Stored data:
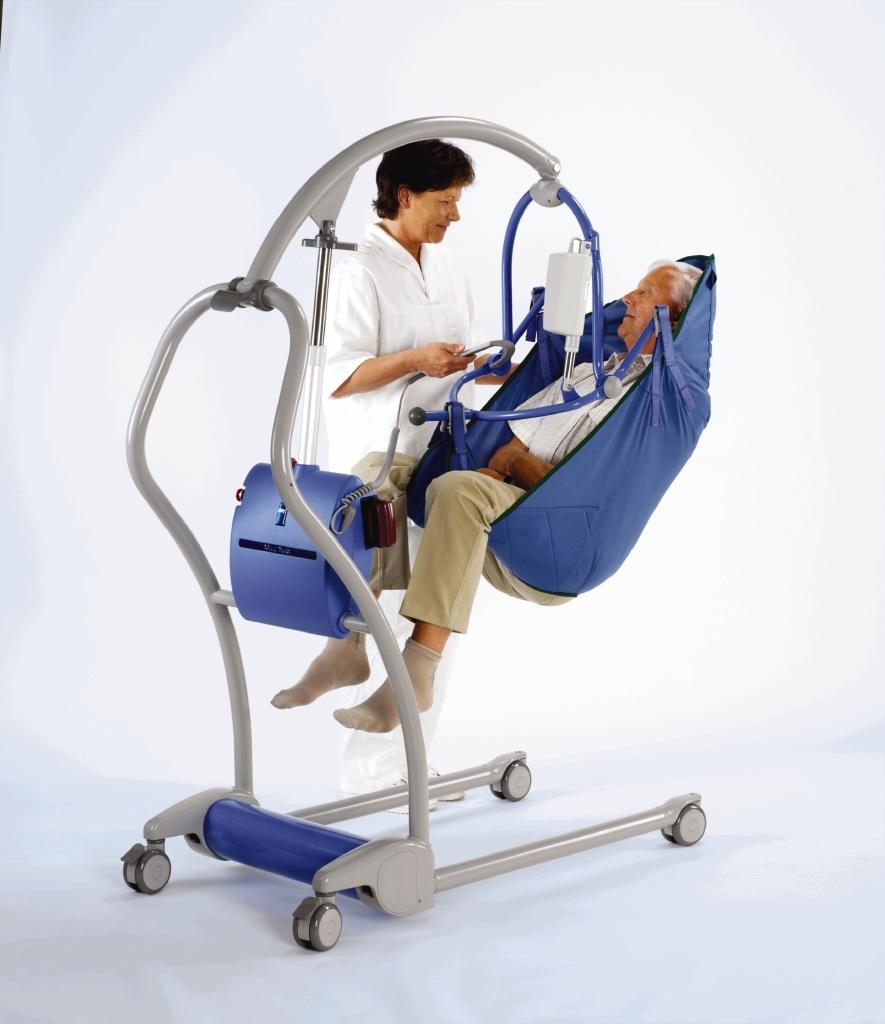 Zasilanie akumulatorowe, dwukolumnowy maszt zapobiegający kontaktowi ze stopami pacjenta.
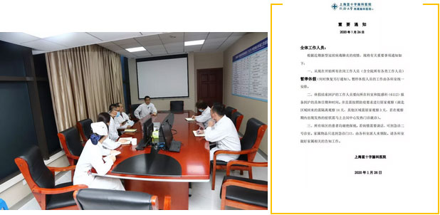 接着,医院管理层决定:所有医护人员暂停休假,尽量赶回医院正常上班。在上海市的员工明天即刻上班,在外地回沪人员,非疫区来的请居家观察3天后上班;疫区回来的请居家观察14天后上班。
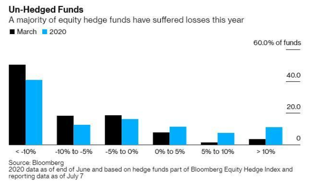 国际对冲基金因其做空能力有助于减轻股价下跌冲击的。但今年当3月市场暴跌时,彭博指数中的股票对冲基金中有87%亏损,其中一半下跌10%以上。随后股票反弹,但根据
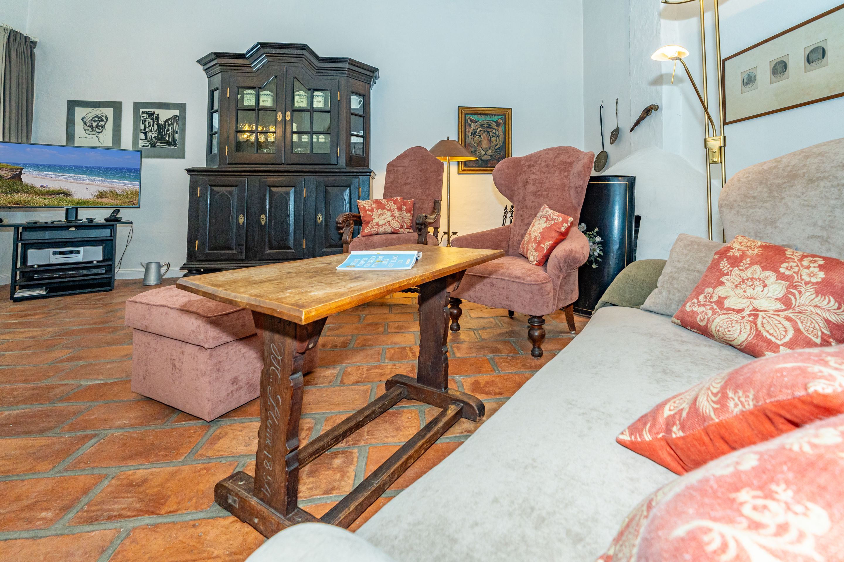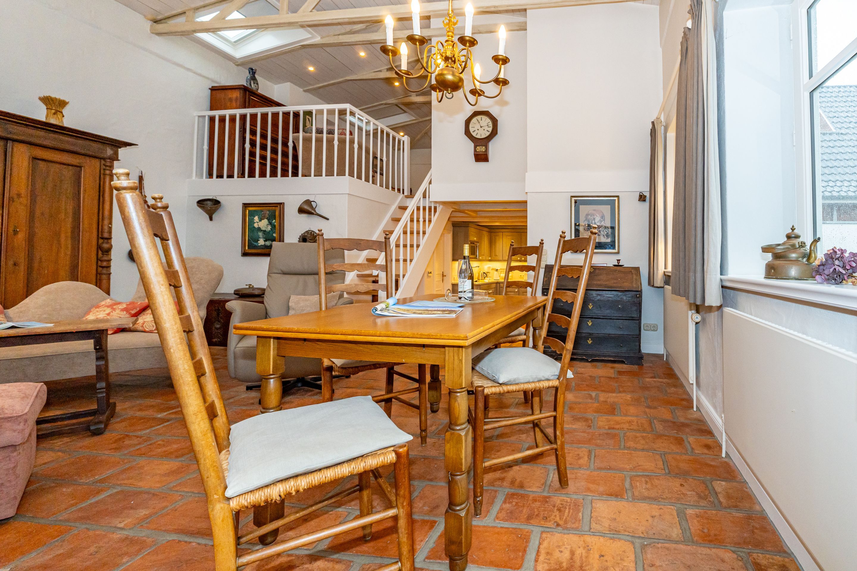 Im Wohnzimmer befinden sich eine Couch und zwei Sessel vor dem Kamin, eine Essecke, Kabel-TV, Stereoanlage, DVD-Player, Telefon mit Internetflatrate (DSL).
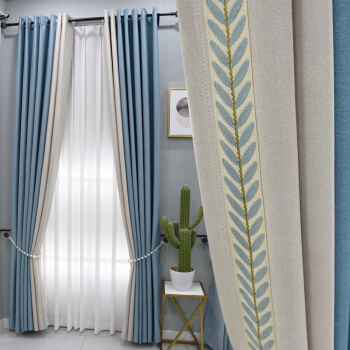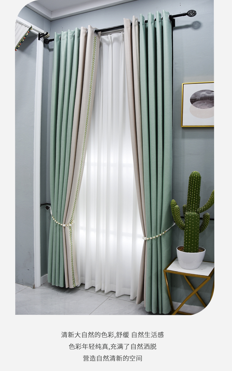 リービングリム北欧風の遮光が簡単で、北欧風の寝室遮光が小さい清新なアメリカ式のスプライングリーンカーテン2021年新式客間の湖と緑の色を合わせて3メートルのフューエル生地のカーテンを開きます。高さ2.7(1.2 m≦レール長≦1.に適用します。
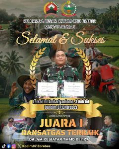 Letkol Inf Ambariyantomo Dandim 0713 Brebes Raih Prestasi Gemilang di Ajang Nasional TMMD 127 Sebagai Juara 1 Dansatgas TMMD Terbaik
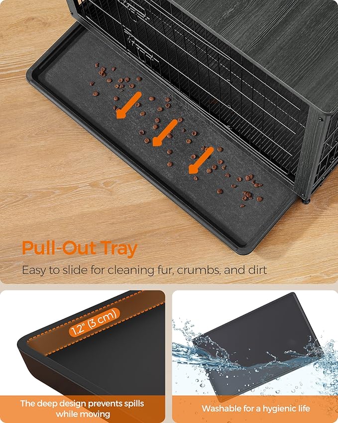 Feandrea Dog Crate Furniture, 44.1" Side End Table, Modern Kennel for Dogs Indoor up to 80 lb, Heavy-Duty Dog Cage with Multi-Purpose Removable Tray, Double-Door Dog House, Ink Black UPFC004B01

__TASK__: Without the pictures, repeat exactly the lines running from the line containing "接着,医院管理层决定:所有医" through the end of the data, both ends included.

__SOLUTION__:
 接着,医院管理层决定:所有医护人员暂停休假,尽量赶回医院正常上班。在上海市的员工明天即刻上班,在外地回沪人员,非疫区来的请居家观察3天后上班;疫区回来的请居家观察14天后上班。
 国际对冲基金因其做空能力有助于减轻股价下跌冲击的。但今年当3月市场暴跌时,彭博指数中的股票对冲基金中有87%亏损,其中一半下跌10%以上。随后股票反弹,但根据
 Im Wohnzimmer befinden sich eine Couch und zwei Sessel vor dem Kamin, eine Essecke, Kabel-TV, Stereoanlage, DVD-Player, Telefon mit Internetflatrate (DSL).
 リービングリム北欧風の遮光が簡単で、北欧風の寝室遮光が小さい清新なアメリカ式のスプライングリーンカーテン2021年新式客間の湖と緑の色を合わせて3メートルのフューエル生地のカーテンを開きます。高さ2.7(1.2 m≦レール長≦1.に適用します。
 Letkol Inf Ambariyantomo Dandim 0713 Brebes Raih Prestasi Gemilang di Ajang Nasional TMMD 127 Sebagai Juara 1 Dansatgas TMMD Terbaik
 Feandrea Dog Crate Furniture, 44.1" Side End Table, Modern Kennel for Dogs Indoor up to 80 lb, Heavy-Duty Dog Cage with Multi-Purpose Removable Tray, Double-Door Dog House, Ink Black UPFC004B01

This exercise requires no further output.